Locate the line that contains "Стоимость мем-токена MUSKIT" in the entries below, then repeat it and every following line through the line that contains "粽叶飘香,端午将至。为强化学", exactly, and no others.
━━━━━ MATERIAL FOR THIS EXERCISE ━━━━━
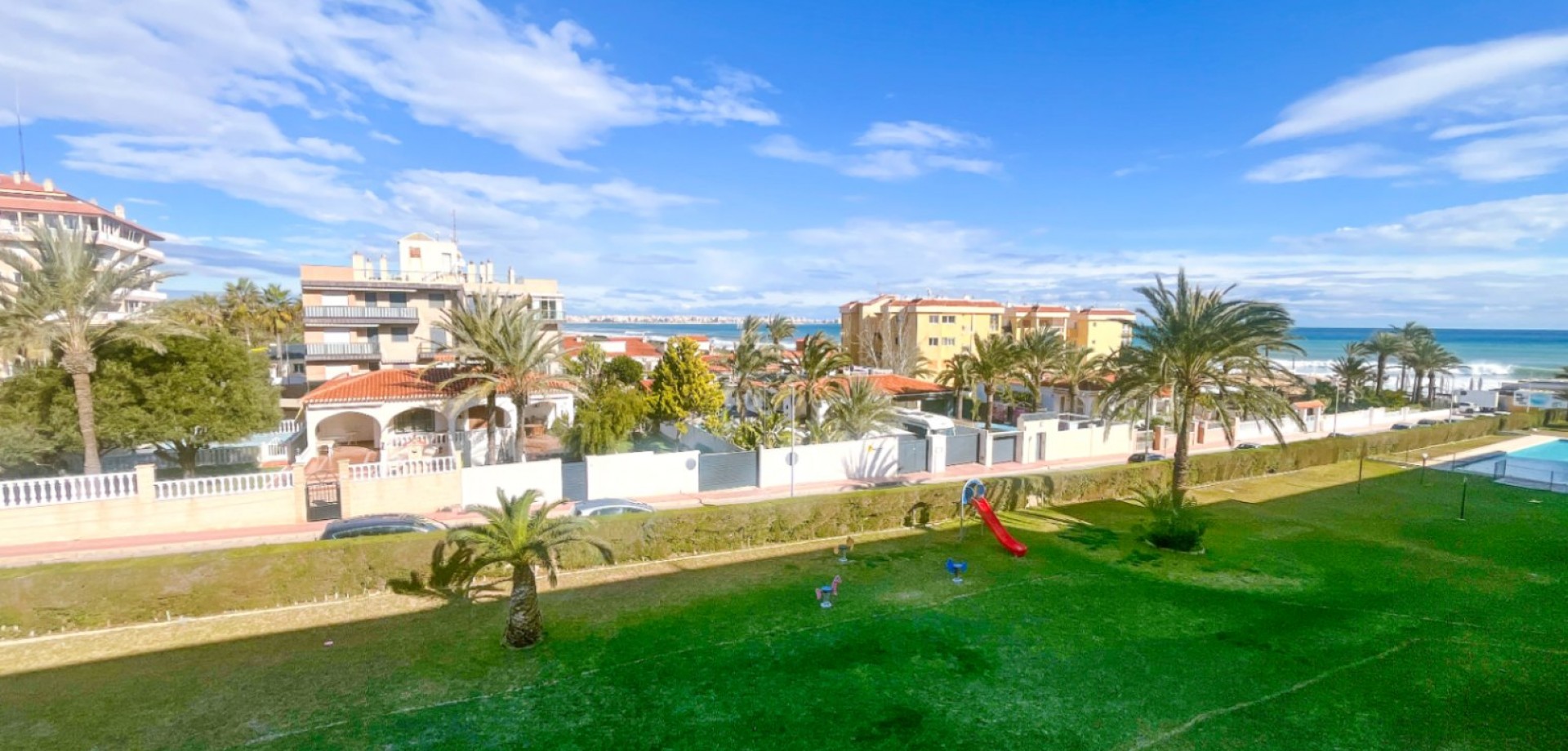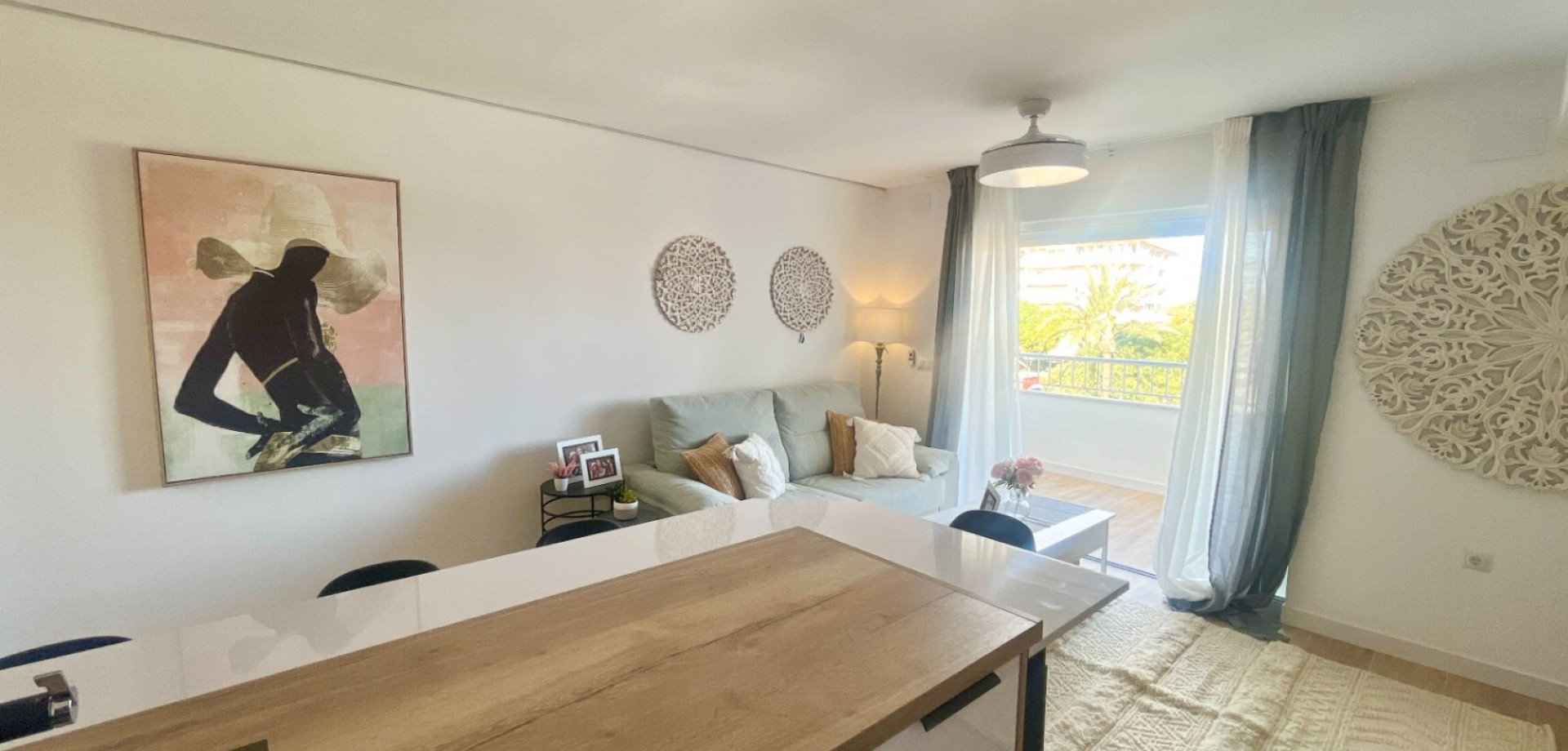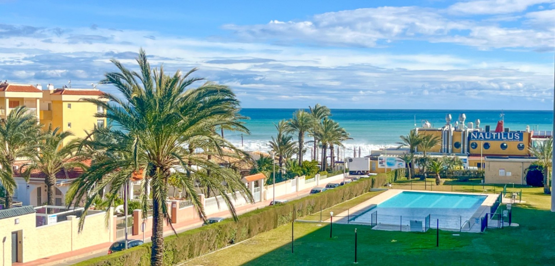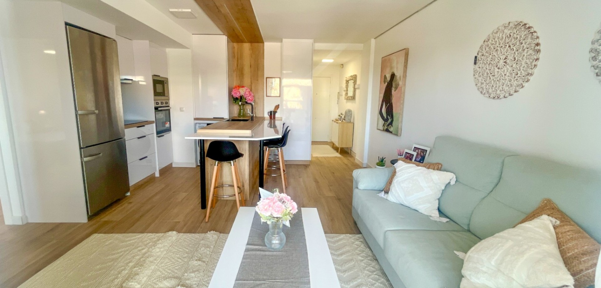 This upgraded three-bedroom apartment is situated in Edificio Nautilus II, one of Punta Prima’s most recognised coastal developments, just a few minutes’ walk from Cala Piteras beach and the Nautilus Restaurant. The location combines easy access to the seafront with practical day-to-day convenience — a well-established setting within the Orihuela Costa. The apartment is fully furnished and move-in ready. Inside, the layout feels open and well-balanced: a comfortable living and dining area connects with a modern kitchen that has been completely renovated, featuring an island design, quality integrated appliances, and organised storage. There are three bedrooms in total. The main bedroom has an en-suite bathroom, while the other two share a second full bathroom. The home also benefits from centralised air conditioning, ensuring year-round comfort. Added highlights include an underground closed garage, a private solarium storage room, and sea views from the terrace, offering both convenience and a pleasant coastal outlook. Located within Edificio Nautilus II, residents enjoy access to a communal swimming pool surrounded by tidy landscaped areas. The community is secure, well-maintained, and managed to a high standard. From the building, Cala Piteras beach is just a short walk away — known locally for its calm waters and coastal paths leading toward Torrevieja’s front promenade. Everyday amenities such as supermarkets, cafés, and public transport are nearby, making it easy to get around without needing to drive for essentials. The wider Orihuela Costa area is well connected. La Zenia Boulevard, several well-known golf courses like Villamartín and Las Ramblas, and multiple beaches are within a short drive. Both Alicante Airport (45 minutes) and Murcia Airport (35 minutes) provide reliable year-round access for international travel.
━━━━━
━━━━━ MATERIAL FOR THIS EXERCISE ━━━━━
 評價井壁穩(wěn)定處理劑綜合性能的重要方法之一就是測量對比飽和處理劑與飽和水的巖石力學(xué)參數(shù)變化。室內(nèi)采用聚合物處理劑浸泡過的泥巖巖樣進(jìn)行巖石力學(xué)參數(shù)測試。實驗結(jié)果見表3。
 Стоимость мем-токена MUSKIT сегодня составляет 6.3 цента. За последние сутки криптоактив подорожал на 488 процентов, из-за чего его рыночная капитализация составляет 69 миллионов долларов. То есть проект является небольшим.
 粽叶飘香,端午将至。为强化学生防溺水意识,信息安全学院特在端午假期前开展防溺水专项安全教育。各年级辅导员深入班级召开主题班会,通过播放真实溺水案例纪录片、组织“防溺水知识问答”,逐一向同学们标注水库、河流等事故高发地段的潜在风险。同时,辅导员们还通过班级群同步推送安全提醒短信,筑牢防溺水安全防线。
━━━━━
[RESULT]
 Стоимость мем-токена MUSKIT сегодня составляет 6.3 цента. За последние сутки криптоактив подорожал на 488 процентов, из-за чего его рыночная капитализация составляет 69 миллионов долларов. То есть проект является небольшим.
 粽叶飘香,端午将至。为强化学生防溺水意识,信息安全学院特在端午假期前开展防溺水专项安全教育。各年级辅导员深入班级召开主题班会,通过播放真实溺水案例纪录片、组织“防溺水知识问答”,逐一向同学们标注水库、河流等事故高发地段的潜在风险。同时,辅导员们还通过班级群同步推送安全提醒短信,筑牢防溺水安全防线。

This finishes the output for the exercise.